Announcing Pulsar: Real-time Analytics at Scale by Sharad Murthy and Tony Ng.
From the post:
We are happy to announce Pulsar – an open-source, real-time analytics platform and stream processing framework. Pulsar can be used to collect and process user and business events in real time, providing key insights and enabling systems to react to user activities within seconds. In addition to real-time sessionization and multi-dimensional metrics aggregation over time windows, Pulsar uses a SQL-like event processing language to offer custom stream creation through data enrichment, mutation, and filtering. Pulsar scales to a million events per second with high availability. It can be easily integrated with metrics stores like Cassandra and Druid.

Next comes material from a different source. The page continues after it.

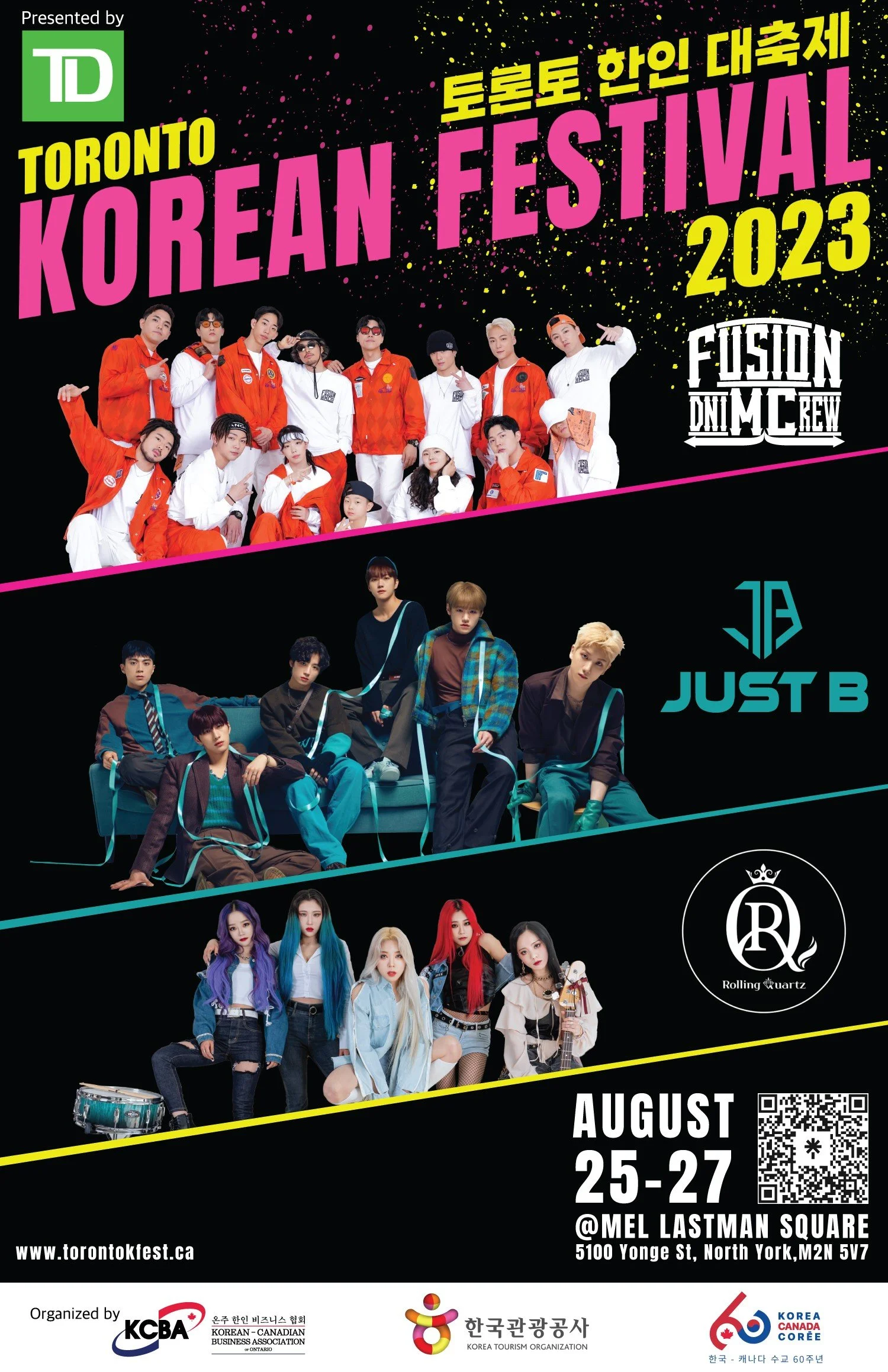 온타리오 한인비즈니스협회(KCBA,회장 채현주)는 TD은행과 한국관광공사(KTO), 토론토 대한민국 총영사관의 후원으로 제23회 토론토 한인대축제(Toronto Korean Festival)를 오는 8월 25일~8월 27일 노스욕 멜라스트먼광장에서 3일간 개최한다.

eBay provides a platform that enables millions of buyers and sellers to conduct commerce transactions. To help optimize eBay end users’ experience, we perform analysis of user interactions and behaviors. Over the past years, batch-oriented data platforms like Hadoop have been used successfully for user behavior analytics. More recently, we have newer use cases that demand collection and processing of vast numbers of events in near real time (within seconds), in order to derive actionable insights and generate signals for immediate action. Here are examples of such use cases:
- Real-time reporting and dashboards
- Business activity monitoring
- Marketing and advertising
- Fraud and bot detection
We identified a set of systemic qualities that are important to support these large-scale, real-time analytics use cases:
- Scalability – Scaling to millions of events per second
- Latency – Sub-second event processing and delivery
- Availability – No cluster downtime during software upgrade, stream processing rule updates , and topology changes
- Flexibility – Ease in defining and changing processing logic, event routing, and pipeline topology
- Productivity – Support for complex event processing (CEP) and a 4GL language for data filtering, mutation, aggregation, and stateful processing
- Data accuracy – 99.9% data delivery
- Cloud deployability – Node distribution across data centers using standard cloud infrastructure
Given our unique set of requirements, we decided to develop our own distributed CEP framework. Pulsar CEP provides a Java-based framework as well as tooling to build, deploy, and manage CEP applications in a cloud environment. Pulsar CEP includes the following capabilities:
- Declarative definition of processing logic in SQL
- Hot deployment of SQL without restarting applications
- Annotation plugin framework to extend SQL functionality
- Pipeline flow routing using SQL
- Dynamic creation of stream affinity using SQL
- Declarative pipeline stitching using Spring IOC, thereby enabling dynamic topology changes at runtime
- Clustering with elastic scaling
- Cloud deployment
- Publish-subscribe messaging with both push and pull models
- Additional CEP capabilities through Esper integration
On top of this CEP framework, we implemented a real-time analytics data pipeline.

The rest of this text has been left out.